Yields spike as MFs are forced to sell very short papers on bank squeeze.

Banks, mutual funds in a liquidity cat & mouse

Tightening liquidity is forcing banks to withdraw short-term monies parked with mutual funds.

This, in turn, is forcing fund houses to sell extremely short-end papers at high yields, even as others liquidate some investments to garner cash.

But guess who’s buying in the distress sale? The banks themselves, who put the squeeze on fund houses in the first place.

In the last one month, three-month certificates of deposits (CD) and commercial paper (CP) rates have risen by almost 150 basis points. Six-month CD rates rose by almost 70 basis points and CP rates by over 100 basis points in the same period.

Clearly, the Reserve Bank of India’s (RBI) apprehensions over the repercussions of excessive bank investments in mutual funds are coming true.

“Banks can always go to the RBI repo window and pick up cash at 5.25%, but no, they are squeezing the funds,” said an analyst.

“This circularity of money flows in these times is not good, and adds to volatility. It’s quite a Ponzi scheme, actually,” said a fund manager not wishing to be named.

“Also, bank money is overnight money whereas funds, to generate excess returns, have to buy longer-term paper. This creates volatility,”

Many fund houses are also selling own investments to tank up on cash.

“A lot of papers we invested in are maturing in June, which will fetch us cash. In the last few days many mutual funds have redeemed papers for cash. We may not be investing in fresh assets at this moment. We will wait and watch how the liquidity situation pans out and then decide,” said Lakshmi Iyer, vice-president and head of fixed income, Kotak Mahindra Mutual Fund.

Last Friday, there were no issuances of certificate of deposits as fund houses, which are the largest investors in the instrument, preferred hard money.

“Liquidity is tight.
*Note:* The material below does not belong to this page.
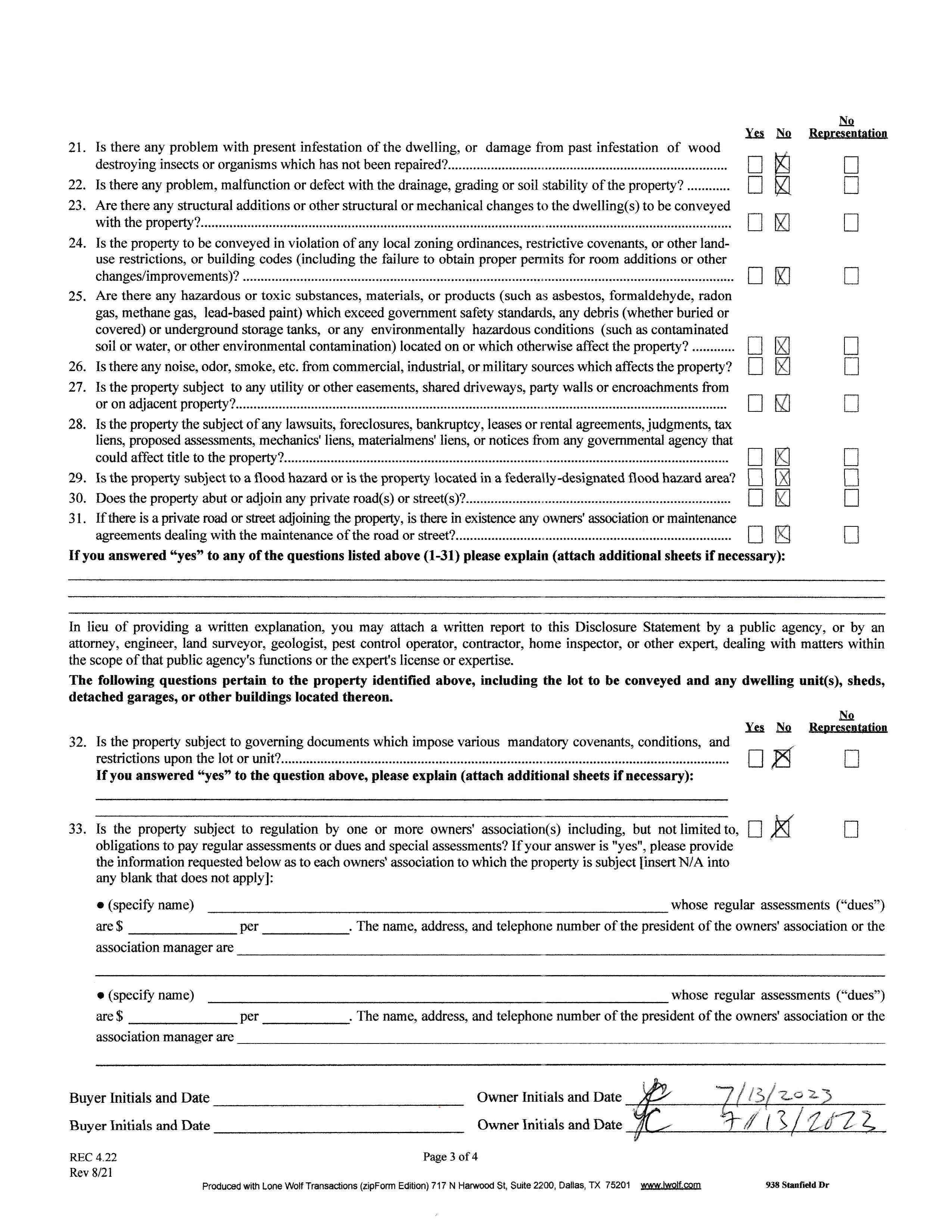 Owner(s) acknowledge(s) having examined this Disclosure Statement before signing and that all information is true and carrect as of the date signed. B f zaz3
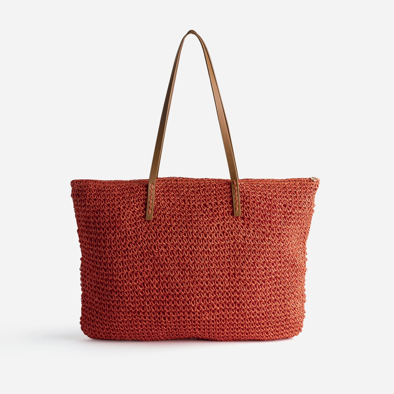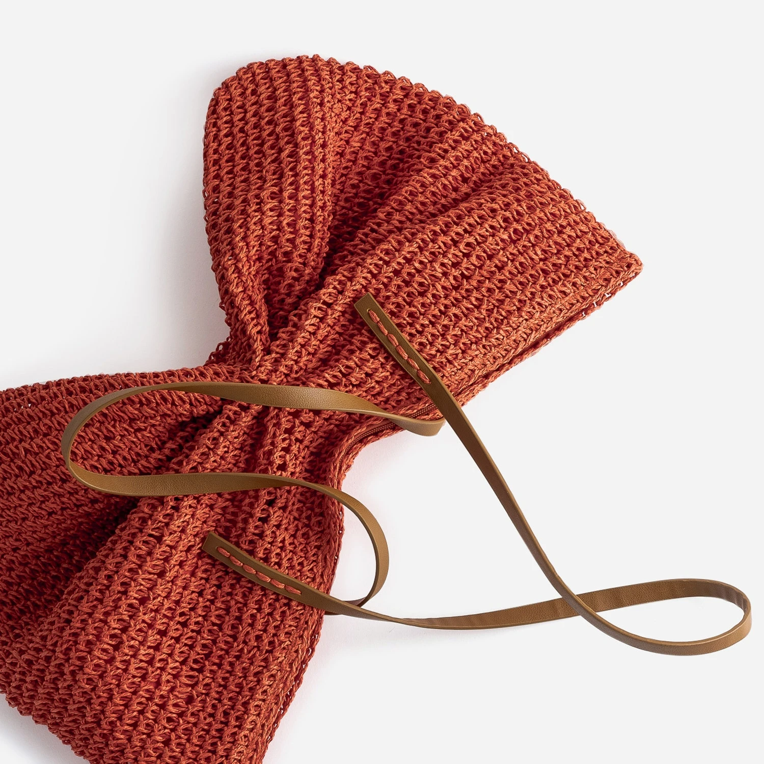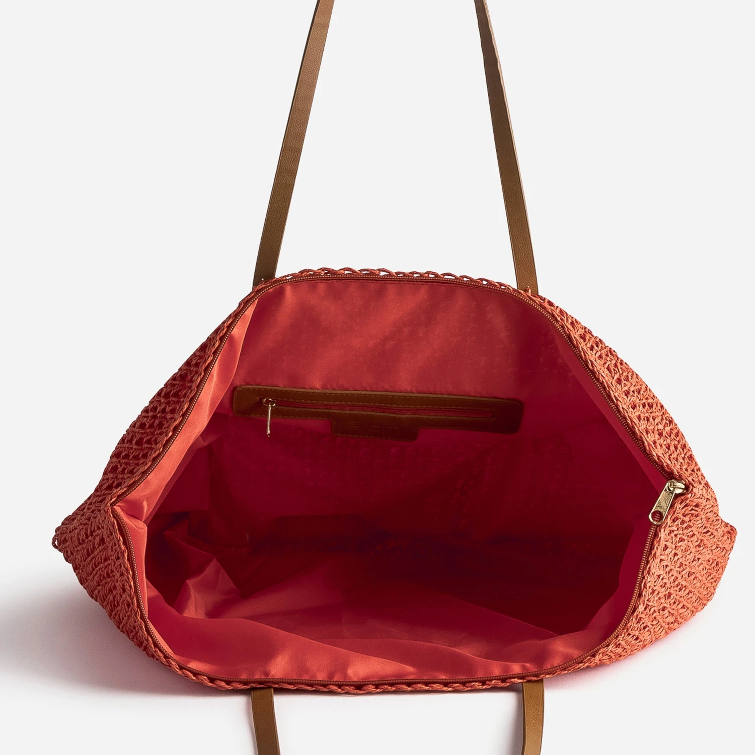Les dossiers en cours ou les affaires de plage ? Ce maxi sac cabas s’adapte à votre programme. En papier rouge orangé, il imite le raphia à la perfection, par un jeu de tressage étudié. Il se porte sur l’épaule, par deux anses en matière synthétique camel. Un accessoire à réserver à l’été, avec un look bohème-aventurière, composé de pièces en lin ou en macramé, d’imprimé fleurs et feuillages, d’espadrilles compensées en corde.

There are redemption pressures and rates of commercial papers (CP) and certificate of deposits (CD) harden in such times,” said Juzer Gabajiwala, head of mutual funds distribution at Ventura Securities.
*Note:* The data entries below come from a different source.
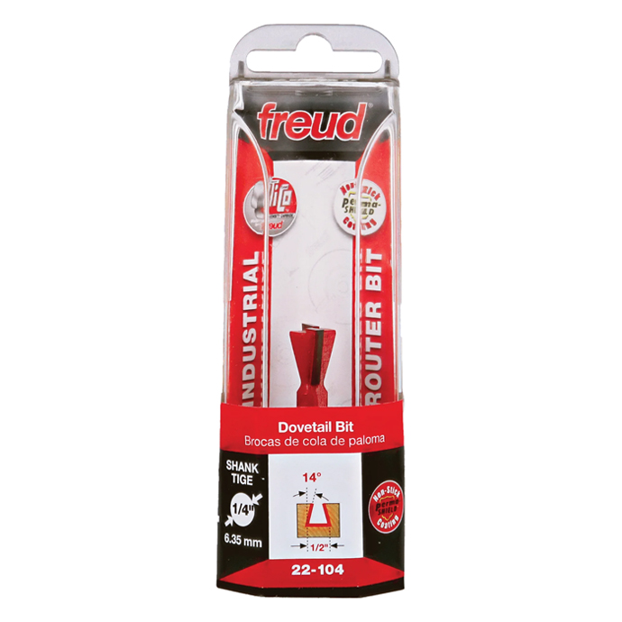 Manufacturer Freud Part Number 22-104-FRD Manufacturer's Part 22-104 Weight 0.060 lbs UPC/EAN Code 8925380511 Diameter 1/2" Shank Diameter 1/4" Overall Length 1-7/8" Type Dovetail No. of Cutters 2 Max. RPM 24,000 RPM Angle 14° Carbide Height 1/2"
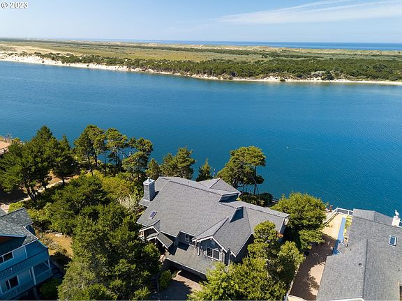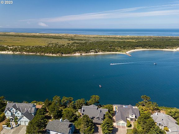 Panoramic Siuslaw River, ocean and jetty views along with spectacular sunsets await you in this beautiful custom fully furnished 3 bedroom, 3.5 bath great room with wall of windows and sliders to enjoy the outdoors. Vaulted knotty pine ceilings, granite counters, Viking professional stainless appliances. Master suite on main level, large walk-in shower, jetted tub, granite. Guest en-suites on lower level, one with mini bar. Bonus room, lots of storage, finished double garage. 2023-10-12
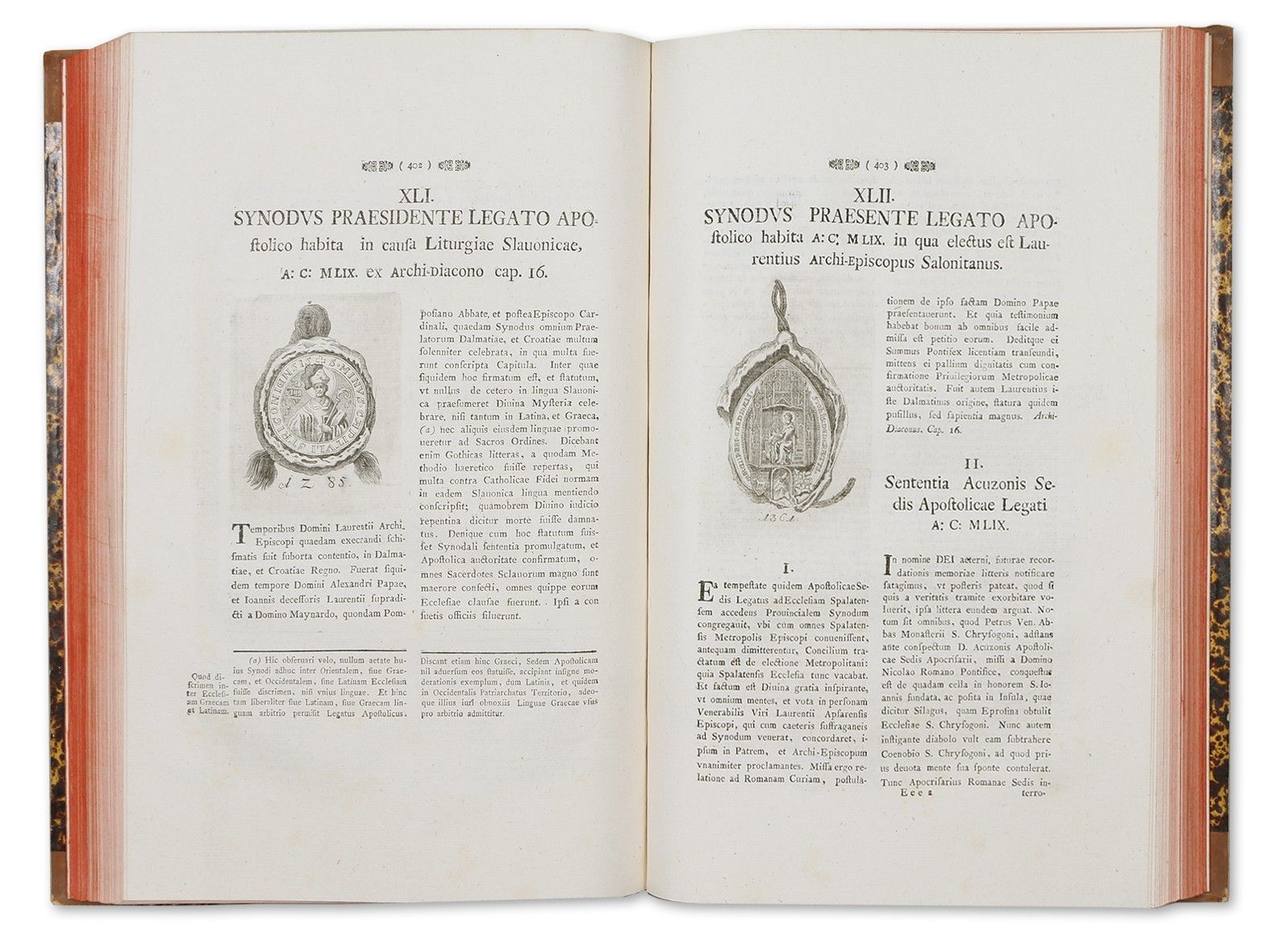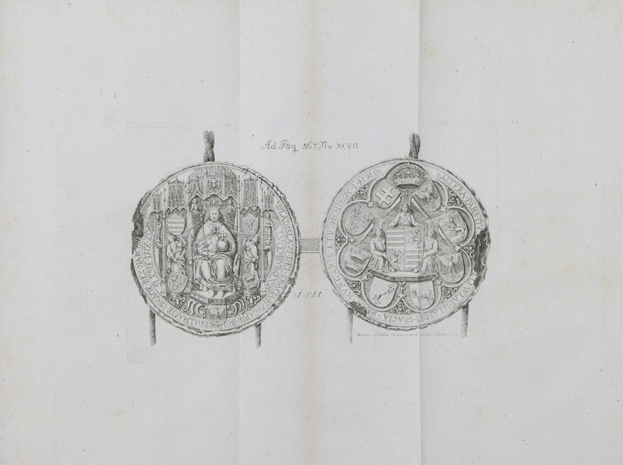 1785 Alba-Carolinae – Claudiopoli Typis EpiscopalibusA szerző erdélyi püspök volt. Számos történeti munka fűződik nevéhez, emellett könyvtárat (Batthyaneum) és csillagvizsgálót is alapított. Tervezte egy erdélyi tudós társaság létrehozását is. Tételünk Batthyány Ignác fő műve, amelyet fontos pecséttani és heraldikai forrásként használt az utókor. Az első kötet még Nagykárolyban jelent meg a szerző magánkiadásában, a további kötetek mintegy negyven évvel később, már Kolozsvárott, az érseki nyomdában készültek. A teljes sorozat nagyon ritka.
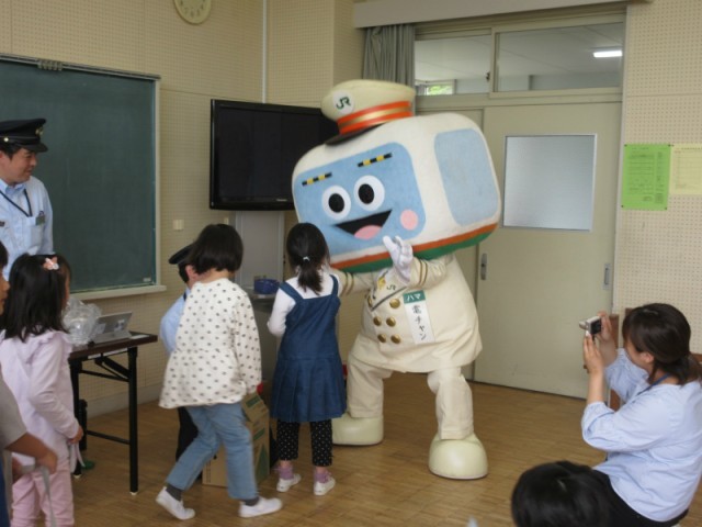 駅の使い方や車内でのマナー等、「マナー鶴」が出てきて多くのことを教わりました。「電ちゃん」も登場し、〇×クイズもしました。教わった通りできるかどうかがこれからの課題です。マナーを守って電車に乗って欲しいと願っています。

Liquidity started shrinking due to the Rs 67,000 crore outgo on May 31 towards payment of 3G spectrum fees by auction winners.

Experts said about Rs 30,000 crore may additionally be drained by mid-June towards the payment of first instalment of corporate advance tax for the current fiscal.

“The tighteness in liqudity will continue till the end June due to these factors and the system will continue to borrow under the repo,” said Nirav Dalal, managing director, debt capital markets at Yes Bank.

On Friday, banks parked Rs 2,070 crore under the reverse repo and borrowed Rs 18,945 crore under the repo window of the Reserve Bank of India.